Tan se le ve como un mero concurso para ganar un poco de dinero extra, que cuando menos cuatro de los 42 trabajos que obtuvieron reconocimiento se publicaron después de emitida la convocatoria.

Destaca el caso del segundo lugar en fotografía porque, publicado en Facebook dos días antes del cierre de la convocatoria el 2 de mayo, comienza con la frase “El pasado 3 de agosto de 2021 ocurrió un fuerte incendio…”. Una publicación con indicios de obedecer más al interés de presentar las fotografías al concurso que a la responsabilidad periodística de informar oportunamente.
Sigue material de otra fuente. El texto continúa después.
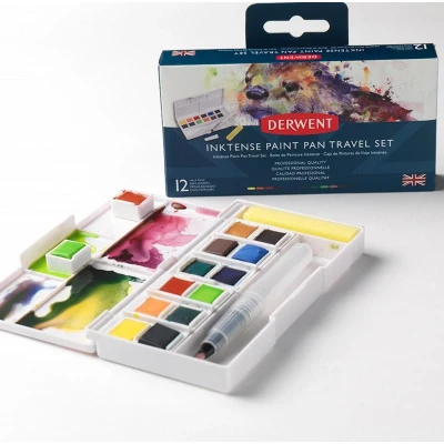 Inktense Permanent Paint Set #1: Set of 12 high quality professional grade artist’s paints in rich, vibrant colours for creating dramatic, ink-like effects; ideal for portraits, landscapes and more Doesn’t washout like watercolour due to the permanency in the paint formulation. Layer up intense vibrant colours Advanced performance with specially formulated active colour technology; Richly coloured pigments intensify when activated with water; Light washes dry permanently Perfect For Artists: Also experiment with quilting, crafting, fashion design, card making and colouring-in; soft core, with firm texture; best used with Derwent waterbrushes and Inktense paper Contents: 1 x Derwent Inktense Paint Pan Set #1, includes 12 highly light-fast paint pans, a mini waterbrush, sponge and 5 well mixing palette

Un panorama en el que el gobierno incumple su obligación de no obstruir el ejercicio del periodismo, y a la vez pervierte su deber de promover que la sociedad pueda tener acceso a gozar de su derecho a la información con variedad de voces y no una sola replicada en cientos de medios sumisos.

Un panorama de la relación prensa-gobierno que se distingue del que dio origen al ofensivo festejo por una simulación con el mismo efecto: que la sociedad sea bombardeada con la versión interesada de los servidores públicos que se le presenta como noticia, cuando se trata de propaganda. Un engaño con costo al erario, es decir, contribuyentes que pagan impuestos para que los engañen.